=== Begin Enclosure ===

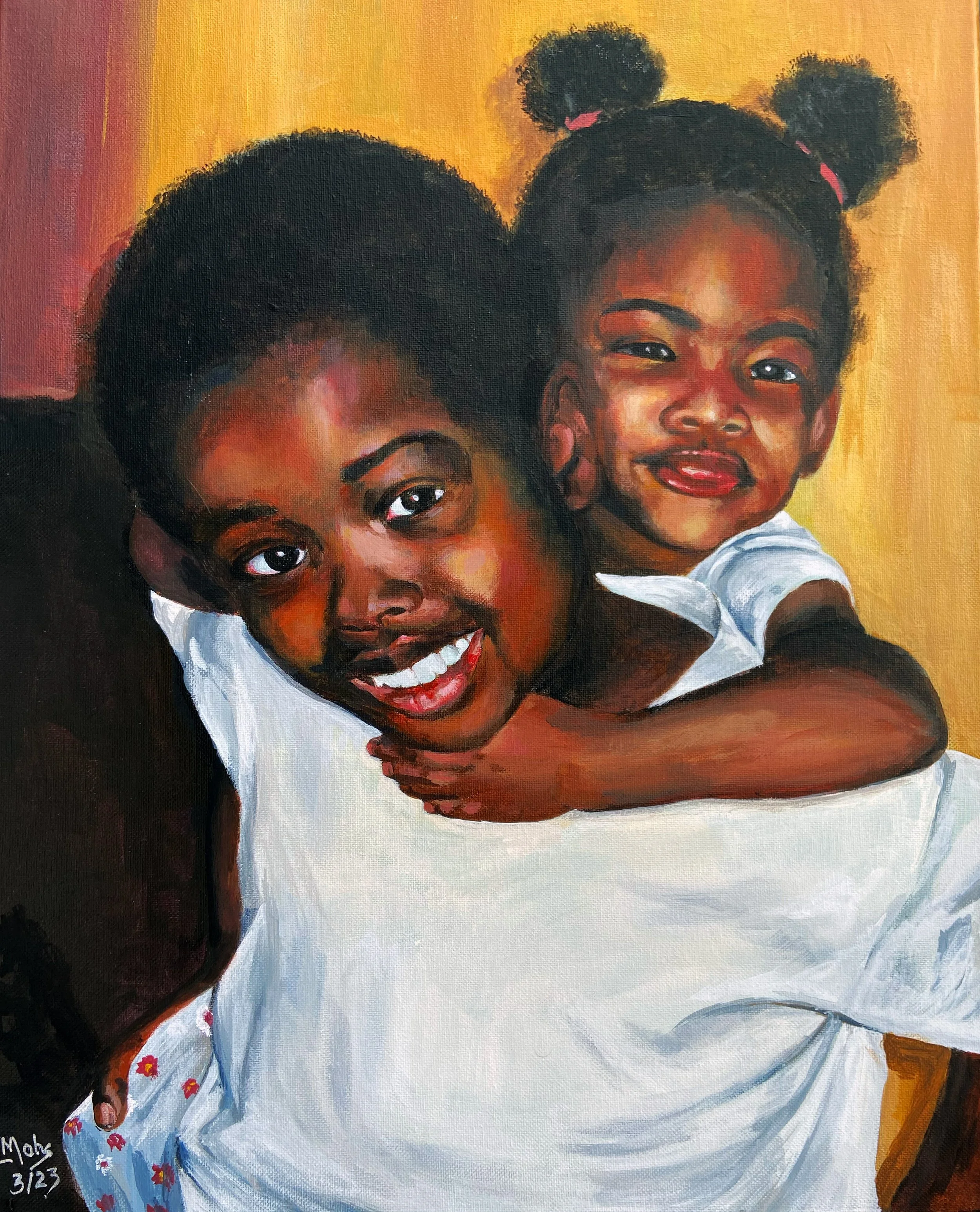 This is a commission I did for my niece, a moment between her two daughters.
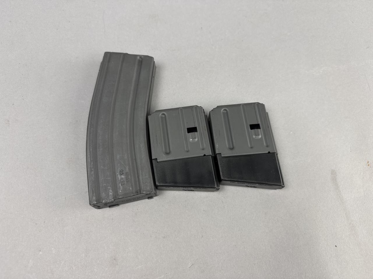 CONDITION: Overall, the rifle exhibits moderate handling marks throughout the finish, consistent with use and storage. The synthetic stock shows surface scuffs and wear but remains structurally sound. The ribbed foregrip is free of cracks or damage. There is visible wear on the muzzle brake and forward components from storage and handling. The bore is bright with defined rifling. The scope’s lenses appear intact, and the adjustments are functional. The action cycles smoothly, and no functional defects were noted in the visible components. Accessories and manuals show light handling wear and remain complete.
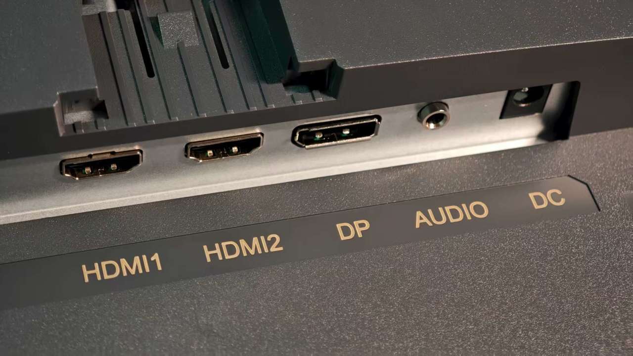 显示器接口为双HDMI2.0、一个DP1.4口、3.5mm音频口和DC电源口,附送DP线材。
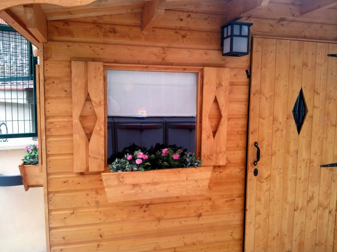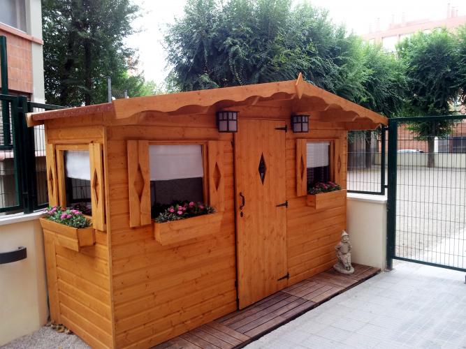 El espacio es en forma de triangulo, el lateral derecho de 1.50 m. y el lateral izquierdo de 4.10 m. incluyendo el voladizo de la cubierta, por lo que una caseta con medidas estándar no era posible. Se adapto el modelo Robin, y la hicimos a medida, con una grosor de 15 mm en madera tratada en color, aprovechando al máximo el espacio. Con jardineras y contraventanas decorativas. Después con la decoración le dieron un aspecto de cuento de fantasía, y colorín colorado este cuento se ha acabado...
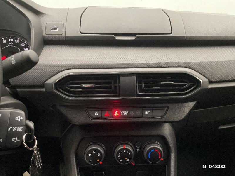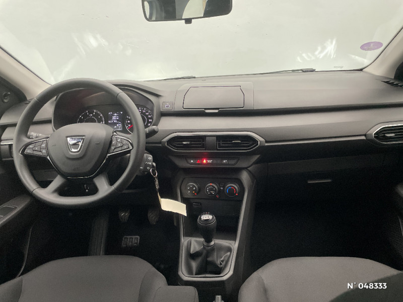 Kit de gonflage / Lève-vitres AR manuels / Roues tôle 15" / Chauffage avec recyclage d'air / Clé 3 boutons / Console basse + rangement ouvert / Cluster TFT / Harmonie intérieure / Sellerie essentiel / Media control (Streaming audio bluetooth avec support téléphone, 2 haut-parleurs, 1 USB) / Volant mousse / Rappel de bouclage de ceintures / Enjoliveur 15'' Elma / Système de freinage d'urgence autonome à des vitesses interurbaines 7-170km/h / Alternateur renforcé / Classes énergetiques B / Airbag latéral avant : thorax + rideau / Feux arrières avec signature lumineuse Y / Signature lumineuse DACIA en Y à LED
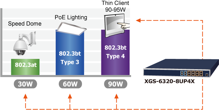 El XGS-6320-8UP4X cumple con los estándares de la tecnología IEEE 802.bt PoE++ y tiene una capacidad de potencia total de 420 vatios. Puede suministrar hasta 95 vatios de potencia a cada dispositivo alimentado (PD) compatible con PoE utilizando los cuatro pares de cableado Ethernet Cat5e/6 estándar, lo que garantiza una entrega de datos de alta potencia y máxima velocidad. En comparación con el PoE+ 802.3at convencional, ofrece una capacidad de potencia triple, lo que lo convierte en la solución perfecta para dispositivos de mayor consumo de energía, incluidos:
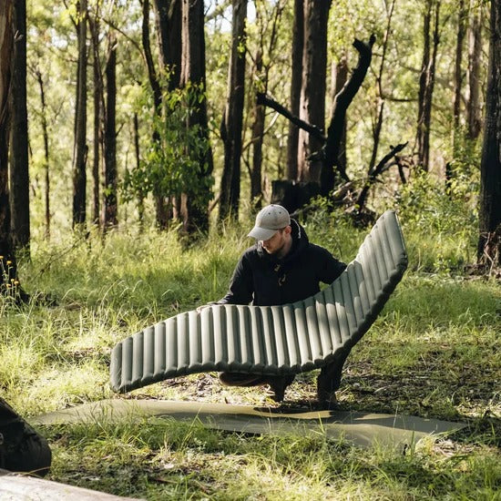 Want to maximise your recovery on overnight adventures? A luxurious 7.5cm thick, this Ultralight Insulated Sleeping Mat provides the perfect level of cushioning, support and stability. The secret is in our specialised air-cell technology, which disperses your body weight across the entire surface of the pad for optimal firmness, no matter what sleeping position you prefer. For quick, breath-free inflation, we recommend using our Ultralight Pump Bag (compatible with all Alton inflatable sleeping mats). -
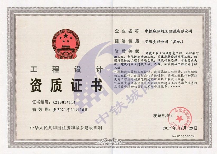環(huán)保工程(污染修復(fù)工程、水污染防治工程、大氣污染防治工程、固體廢物處置工程、物理污染防治工程)專項(xiàng)乙級(jí);市政行業(yè)乙級(jí);水利行業(yè)丙級(jí);建筑行業(yè)(建筑工程)乙級(jí);風(fēng)景園林工程設(shè)計(jì)專項(xiàng)乙級(jí)。
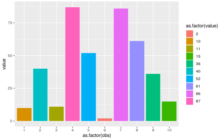 | > ggplot(data=bar_df, aes(x = as.factor(obs), + y = value, + fill = as.factor(value)))+ + geom_bar(stat = 'identity') |
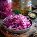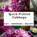 This Quick Pickled Cabbage recipe is an easy, no-fuss way to add tangy crunch and vibrant flavor to tacos, bowls, sandwiches, and more. Made with vinegar, sugar, and salt, it comes together in minutes—no canning required—and keeps well in the fridge for up to two weeks. A simple condiment with big impact.
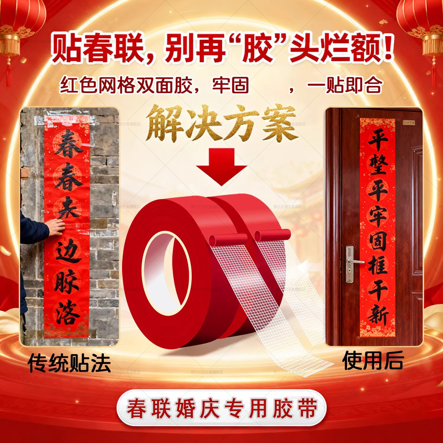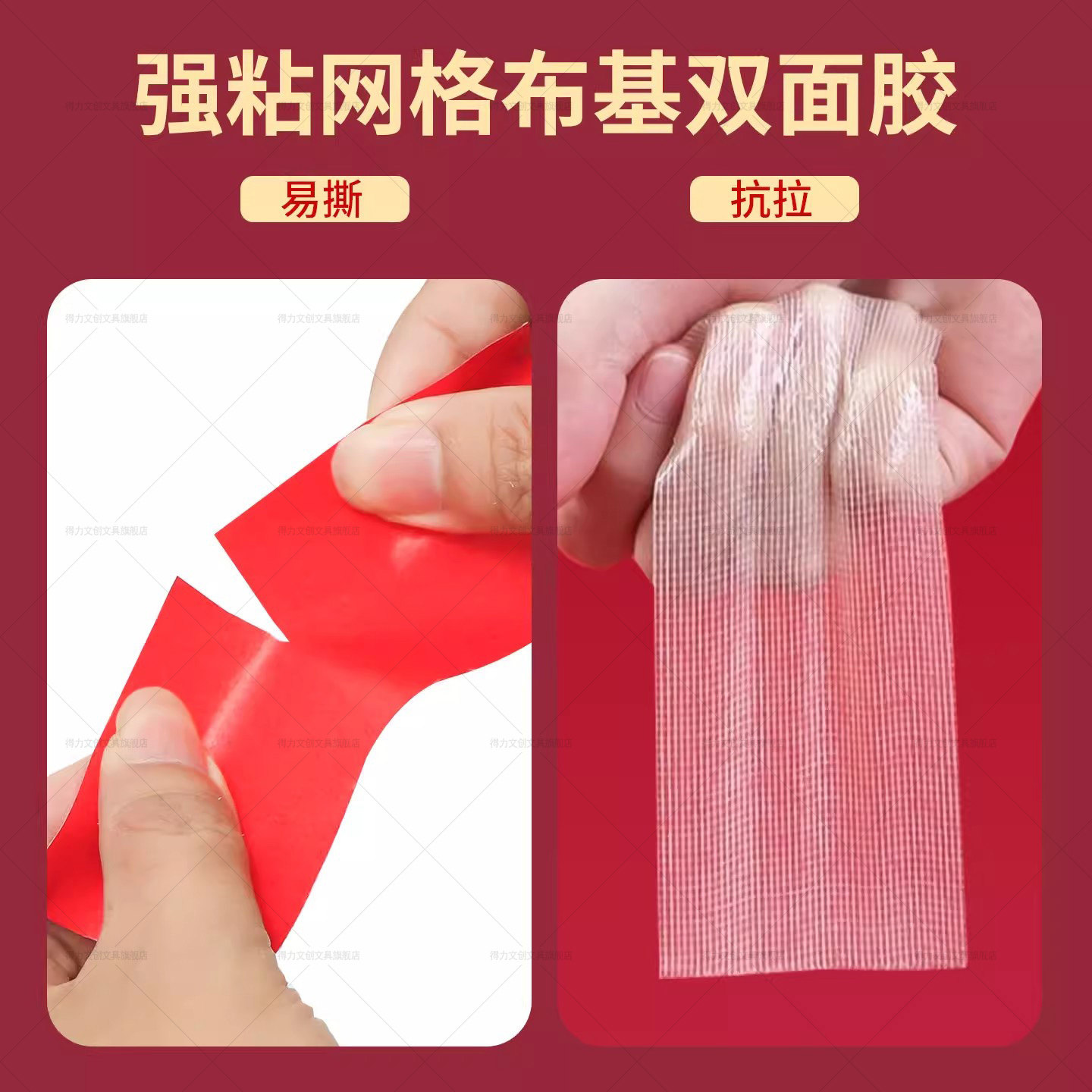 得力春联无痕胶对联专用网格双面胶不留痕高粘度门对强力固定贴粘地毯防水透明墙面地板地垫革布基胶带免打孔

=== End Enclosure ===

Give back only the lines from the one that carries "geom_bar(stat = 'identity') |" through the final line above, both included. Drop all pictures.

 | > ggplot(data=bar_df, aes(x = as.factor(obs), + y = value, + fill = as.factor(value)))+ + geom_bar(stat = 'identity') |
 This Quick Pickled Cabbage recipe is an easy, no-fuss way to add tangy crunch and vibrant flavor to tacos, bowls, sandwiches, and more. Made with vinegar, sugar, and salt, it comes together in minutes—no canning required—and keeps well in the fridge for up to two weeks. A simple condiment with big impact.
 得力春联无痕胶对联专用网格双面胶不留痕高粘度门对强力固定贴粘地毯防水透明墙面地板地垫革布基胶带免打孔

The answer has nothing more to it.